- **Records to use**

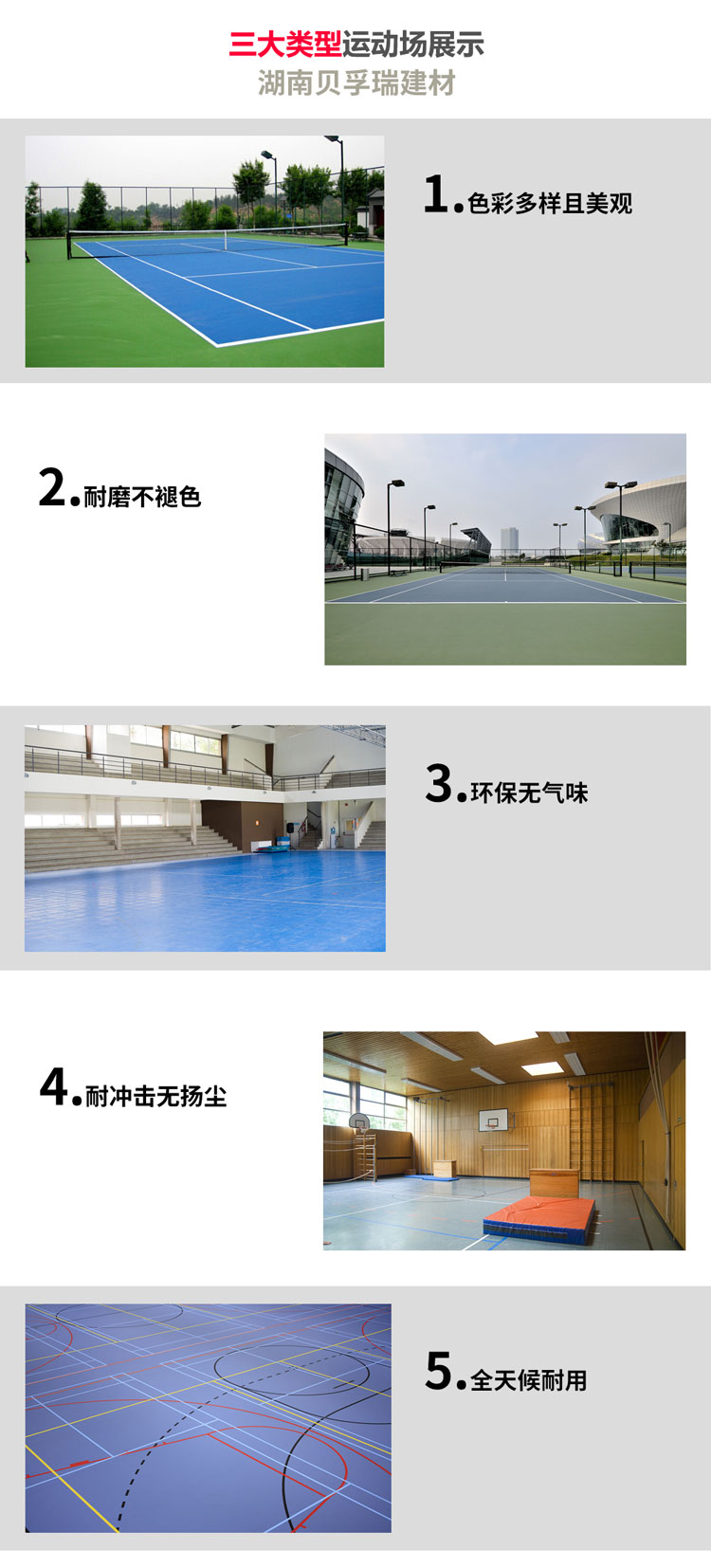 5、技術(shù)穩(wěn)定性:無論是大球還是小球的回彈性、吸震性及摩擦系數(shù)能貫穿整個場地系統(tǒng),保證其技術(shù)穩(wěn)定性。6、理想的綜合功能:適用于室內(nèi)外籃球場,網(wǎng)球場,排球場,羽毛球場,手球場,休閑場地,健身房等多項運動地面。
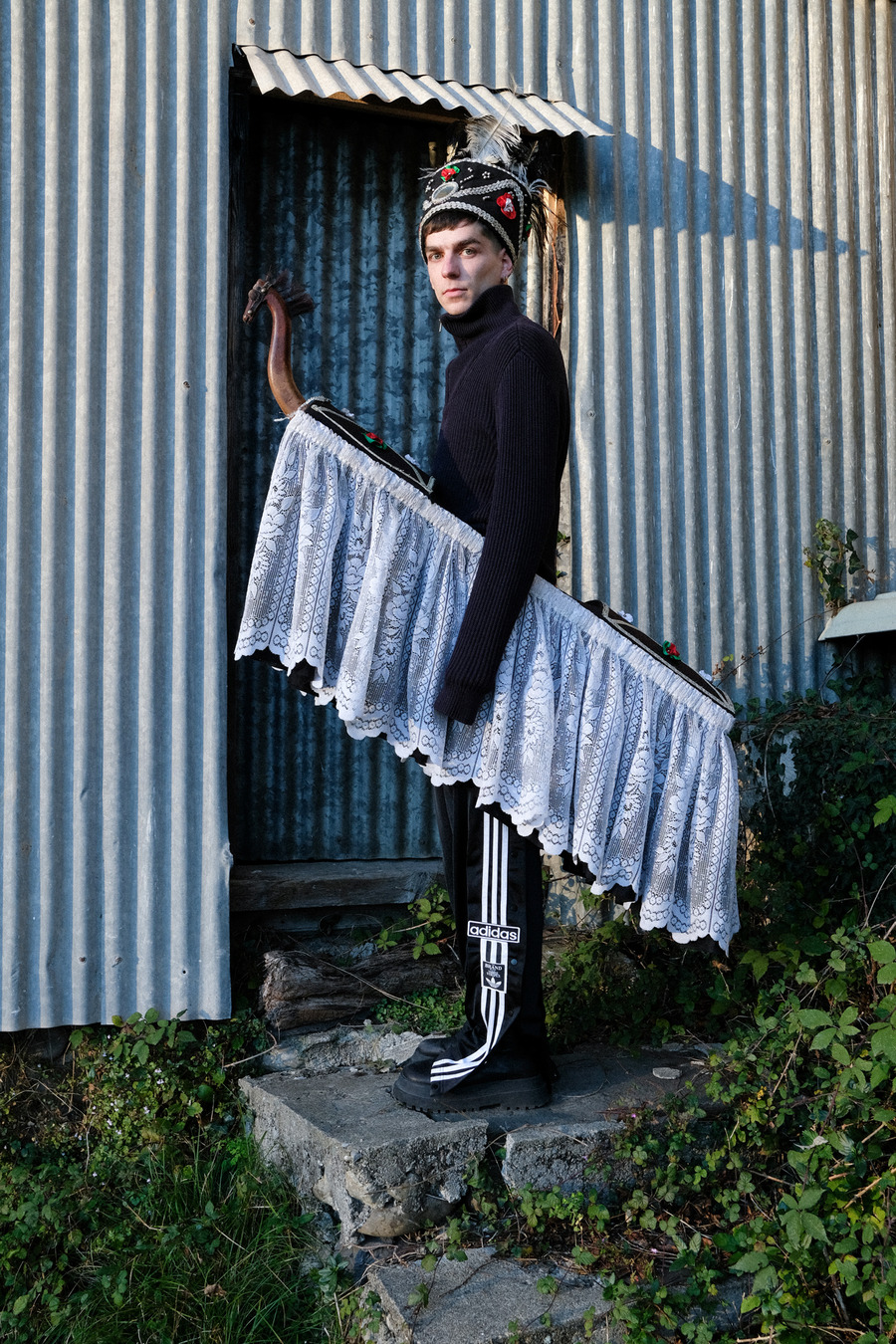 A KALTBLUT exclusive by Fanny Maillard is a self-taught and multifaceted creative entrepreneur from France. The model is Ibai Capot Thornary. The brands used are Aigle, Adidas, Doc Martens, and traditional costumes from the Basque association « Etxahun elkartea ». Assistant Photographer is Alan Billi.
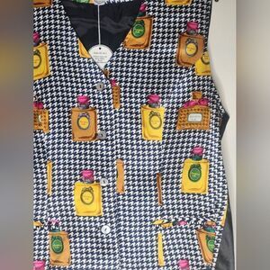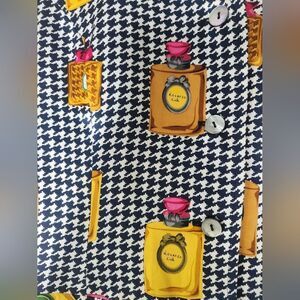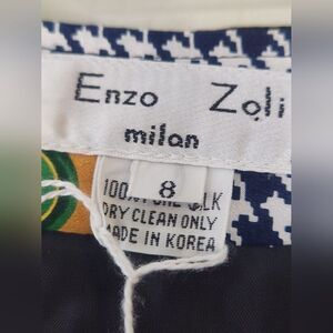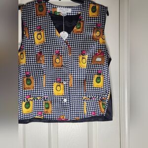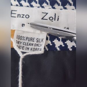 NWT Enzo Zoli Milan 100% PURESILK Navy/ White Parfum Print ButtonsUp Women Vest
---
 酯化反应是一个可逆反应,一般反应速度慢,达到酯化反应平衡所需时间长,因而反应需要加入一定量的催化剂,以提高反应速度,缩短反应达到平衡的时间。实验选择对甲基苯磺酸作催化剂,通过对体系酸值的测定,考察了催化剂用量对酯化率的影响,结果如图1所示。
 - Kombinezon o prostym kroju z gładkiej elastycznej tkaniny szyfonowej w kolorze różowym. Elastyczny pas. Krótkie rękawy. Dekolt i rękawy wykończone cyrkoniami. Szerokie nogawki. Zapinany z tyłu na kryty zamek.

- **Task objective**
In the listing above, find the line with "5、技術(shù)穩(wěn" and the line with "A KALTBLUT exclusive". Copy both of them and every line between, exactly, but not the pictures.

- **Answer section**
 5、技術(shù)穩(wěn)定性:無論是大球還是小球的回彈性、吸震性及摩擦系數(shù)能貫穿整個場地系統(tǒng),保證其技術(shù)穩(wěn)定性。6、理想的綜合功能:適用于室內(nèi)外籃球場,網(wǎng)球場,排球場,羽毛球場,手球場,休閑場地,健身房等多項運動地面。
 A KALTBLUT exclusive by Fanny Maillard is a self-taught and multifaceted creative entrepreneur from France. The model is Ibai Capot Thornary. The brands used are Aigle, Adidas, Doc Martens, and traditional costumes from the Basque association « Etxahun elkartea ». Assistant Photographer is Alan Billi.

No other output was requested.